Both the KS and QQ-plot diagnostics require the weights for treated and control units to be non-negative. They are thus always available for matching and explicit weighting approaches (such as inverse propensity score weighting and balancing-weight methods). When there is no extrapolation (no negative weights) they can also be useful for assessing the balance produced by MRI and URI approaches.
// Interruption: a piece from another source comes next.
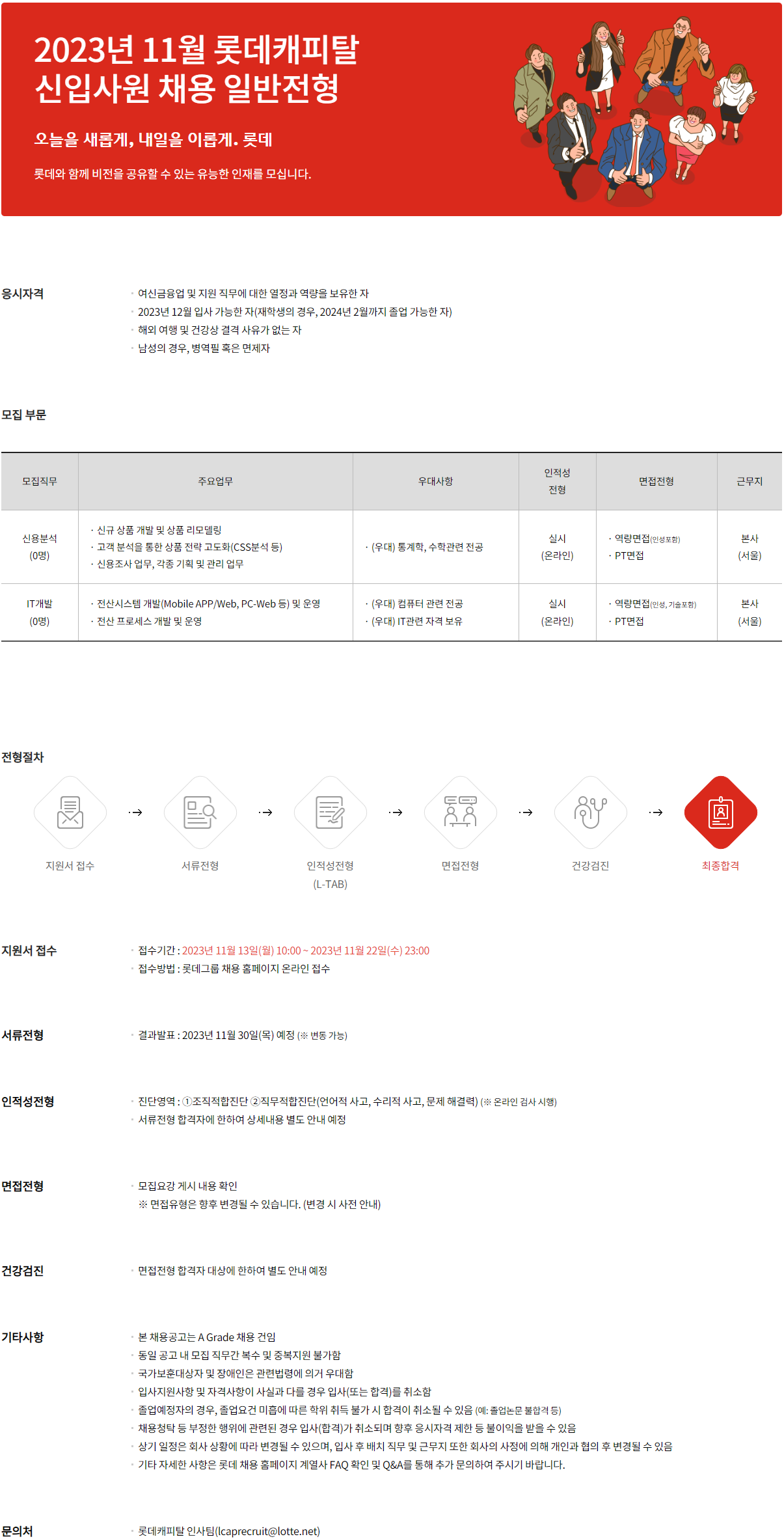 [롯데케피탈] 2023년 11월 신입사원 채용 일반전형 (~11/22)

4 Applying the Diagnostic Tools
The diagnostic tools discussed above are just that—diagnostic tools. They are diagnostic in that they provide clues about potential problems with a particular estimation method applied to a particular dataset. They are tools in that they require skill and judgment to be used appropriately.
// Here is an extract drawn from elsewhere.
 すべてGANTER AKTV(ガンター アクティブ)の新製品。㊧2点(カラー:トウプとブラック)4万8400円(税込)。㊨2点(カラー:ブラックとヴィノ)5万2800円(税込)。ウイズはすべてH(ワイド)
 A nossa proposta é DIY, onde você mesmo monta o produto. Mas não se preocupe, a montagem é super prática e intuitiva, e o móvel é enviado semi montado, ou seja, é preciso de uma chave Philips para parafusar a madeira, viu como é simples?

With that in mind, we encourage practitioners to use these diagnostic tools in the following way when estimating a causal effect under a selection on observables assumption.
-
1. Choose an estimand that is appropriate for the research question of interest.
-
2. Collect data and decide on model specifications for which the selection on observables and SUTVA assumptions are plausible or at least defensible.
-
3. Using multiple estimators, calculate and evaluate the diagnostics discussed above.
-
4. Optionally adjust model specifications to address problems revealed by the diagnostics.Footnote 28 For example, if a lack of balance is observed for the square of a covariate, include the squared covariate in the model(s).
-
5. If the diagnostics reveal serious problems for all estimators and model specifications, conclude that these results do not allow you to reliably estimate the causal effect of interest.
-
6. If the diagnostics reveal no serious problems for at least some estimators and model specifications, report the results from all estimators and model specifications along with the associated diagnostics. Providing estimates and diagnostics for all estimators and specifications helps readers judge the credibility of the reported results.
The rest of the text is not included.